If there is a sucker born every minute, Gipson likes to think he was there to oversee many of the deliveries.
“I’ve got a fantastic memory, which is a must for a con man,” he said, a smile widening beneath his gray mustache. “The mind is like a filing cabinet. You’ve got to train yourself to file away what you’ve said to who about what.”
These days, of course, Gipson is still a bit embarrassed that a local newspaper reporter got wise to him late last year.
“I had an easy cover, a good cover,” he said.
For more than a decade, everyone believed he was just another small businessman, a retired encyclopedia salesman who had come to Port Richey, just north of Tampa, and opened a locksmith store in the shopping village.
Not many questioned his claim to a Ph.D. in psychology. When asked why he ended up selling encyclopedias, he would sadly allude to a hard-won battle with the bottle, which made people respect this sincere and steadfast gentleman in glasses all the more.
He had the two great blessings a con man requires--an honest face and the gift of gab.
Taught Free Courses
As a speaker, Bob Gipson was known across Pasco County, where he often gave free courses in salesmanship and motivation. His soft, friendly face, with its large wrinkled forehead, was familiar wherever a civic group needed a volunteer.
“In Appreciation of a Man Who Gives Too Much Too Often,” read the plaque from the United Chambers of Commerce, when it named him 1983 Man of the Year.
Gipson valued his plaque. Yet he thought there remained an even higher calling for his prevaricating expertise: politics.
Last summer, he announced for the school board.
“That pays $18,000,” he said. “And I thought I could parlay that into the county commission, which is $30,000. Then maybe state rep.”
Instead, reckoning was just around the corner.
Mixing Lies, Facts
One of Gipson’s deepest-felt beliefs is that a good lie ought to be built on a flimsy foundation of fact.
“Always mix in a little truth,” he recommends.
So when candidate Gipson filled out questionnaires for the local newspapers, he wrote down his correct birth date and birthplace along with the usual malarkey about being educated at Berkeley, Harvard and the University of Kansas.
“Who checks in a school board race, anyway?” he reasoned.
The answer to that question, as it turned out, was Diane Rado, a reporter for the Pasco Times.

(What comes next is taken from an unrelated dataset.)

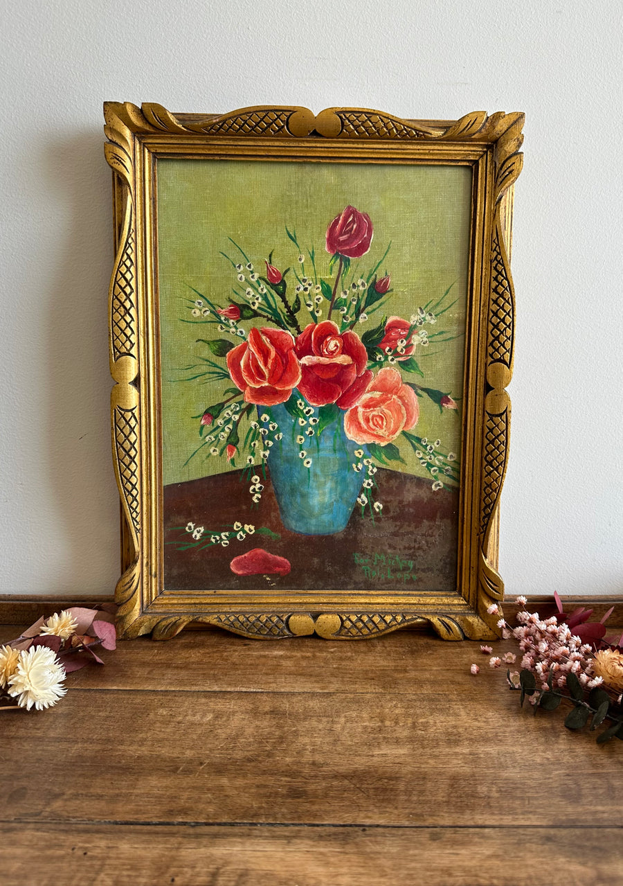 Coup de coeur pour cette jolie peinture sur toile signée représentant des roses rouges et roses dans un vase bleu. On aime son fond vert qui lui donne un petit coté naif. Joli cadre en bois et stuc doré. Estimation années 40-50. A noter, des traces du temps en bas à droite où l'huile s'est un peu craquelée.

She found no record of Gipson attending the universities.
“I covered it up with cloak and dagger stuff,” Gipson said. “I told her I was in the OSS during World War II and afterward I had sensitive assignments with the CIA in Mexico and South America.
“I’m using a new name from the government, I told her. I can’t divulge my real name. Top secret stuff.”
But Rado also checked his birthplace. Only one baby had been born on March 18, 1918, in St. Albans, Vt. His name was Gilbert Sharby.
While neither Berkeley nor Harvard had records for that student, the University of Kansas did. Gilbert Sharby had taken extension courses from his “home” in Leavenworth, Kan.
Leavenworth--that’s where the federal prison is.
Newspaper Headline
“Pasco civic leader admits living a lie for the past 27 years!” said the headline in one newspaper.
“Imposter!” was the story that led the 6 p.m. news.
The curtain had been yanked open, and the Wizard of Oz was standing there revealed, working his knobs and levers.
Gipson was Sharby. He had been to prison in Vermont, Georgia, Kansas and Nebraska. He had lived off bad checks. He had impersonated military officers. Warrants for his arrest had spanned 23 years and 11 states.
“The big laugh is that this man was in charge of our political education committee,” said an angry Mike Fasano, a member of the Pasco Republican Executive Committee. “Here he was under a fictitious name running for the school board.”
Game of Life
But for the resourceful all is never lost. As Bob Gipson would explain, in the game of life, as in the game of golf, you’ve got to play your lie.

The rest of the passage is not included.